Santiago Eduardo Quintanilla Ureta (born 30 July 1948), known as Eduardo Quintanilla, is a Chilean former footballer who played as a midfielder. Besides Chile, he developed his career in Central America.

Career
A midfielder from Colo-Colo, Quintanilla also played for Deportes Ovalle and Palestino in his homeland, winning the 1972 Segunda División de Chile with the second. 

He emigrated to Central America and played in Nicaragua, Honduras, Panama, El Salvador and Costa Rica. In Honduras, he played for Motagua and CD Olimpia. In El Salvador, he played for Águila before arriving to Costa Rica and joining San Carlos in December 1977, where he played until 1982. 
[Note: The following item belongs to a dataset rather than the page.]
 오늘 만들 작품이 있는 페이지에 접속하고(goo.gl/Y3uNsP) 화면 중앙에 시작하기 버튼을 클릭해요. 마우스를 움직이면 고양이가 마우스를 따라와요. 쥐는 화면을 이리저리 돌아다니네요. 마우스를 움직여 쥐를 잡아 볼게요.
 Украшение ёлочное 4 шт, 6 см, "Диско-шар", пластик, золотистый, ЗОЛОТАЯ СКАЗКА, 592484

Considered a historical player of AD San Carlos, where he made up a well remembered pair alongside William Ávila, he won two league titles of the Segunda División in 1977 and 1978.
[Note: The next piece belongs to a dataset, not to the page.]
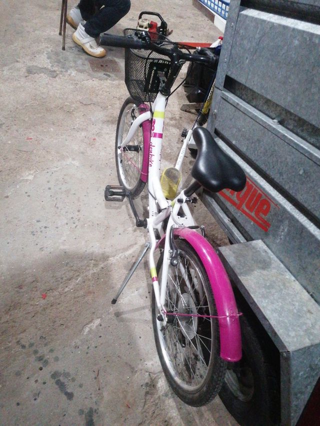 Bici con cesta delantera, sillín ajustable, frenos, pata, cambio y timbre, sin ruedines
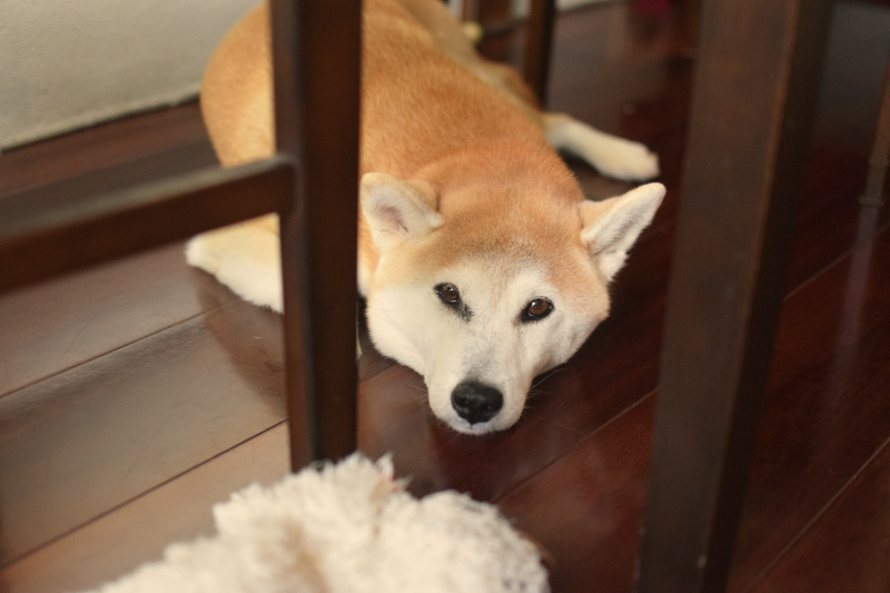 午前8時にコムギが散歩に行きたいというので連れて行ったのですが、食べられる草を探して落ち着きがありません。この行為は、お腹の調子が悪い時のコムギの行動です。案の定、散歩から帰った後、ご飯を食べません。

In the Costa Rican Primera División, he scored nine goals in total, becoming the Chilean top goalscorer in that country. 

He retired from football due to a serious traffic accident at the age of thirty three. After, he coached the AD San Carlos reserve team for a brief stint with Toribio Rojas as head coach.

Personal life
He was nicknamed Chucha, as a profanity widely used in his country of birth to express surprise, among other uses.

He made his home in Costa Rica and has worked for the Maracana sports complex in Quesada, San Carlos.

Honours
Palestino
 Segunda División de Chile: 1972

San Carlos
 Segunda División de Costa Rica (2): 1977, 1978

References

1948 births
Living people
Chilean footballers
Chilean expatriate footballers
Chilean Primera División players
Colo-Colo footballers
Primera B de Chile players
Deportes Ovalle footballers
Club Deportivo Palestino footballers
Liga Nacional de Fútbol Profesional de Honduras players
F.C. Motagua players
C.D. Olimpia players
Salvadoran Primera División players
C.D. Águila footballers
Segunda División de Costa Rica players
Liga FPD players
A.D. San Carlos footballers
Chilean expatriate sportspeople in Nicaragua
Chilean expatriate sportspeople in Honduras
Chilean expatriate sportspeople in Panama
Chilean expatriate sportspeople in El Salvador
Chilean expatriate sportspeople in Costa Rica
Expatriate footballers in Nicaragua
Expatriate footballers in Honduras
Expatriate footballers in Panama
Expatriate footballers in El Salvador
Expatriate footballers in Costa Rica
Association football midfielders
Chilean football managers
Chilean expatriate football managers
Expatriate football managers in Costa Rica
Place of birth missing (living people)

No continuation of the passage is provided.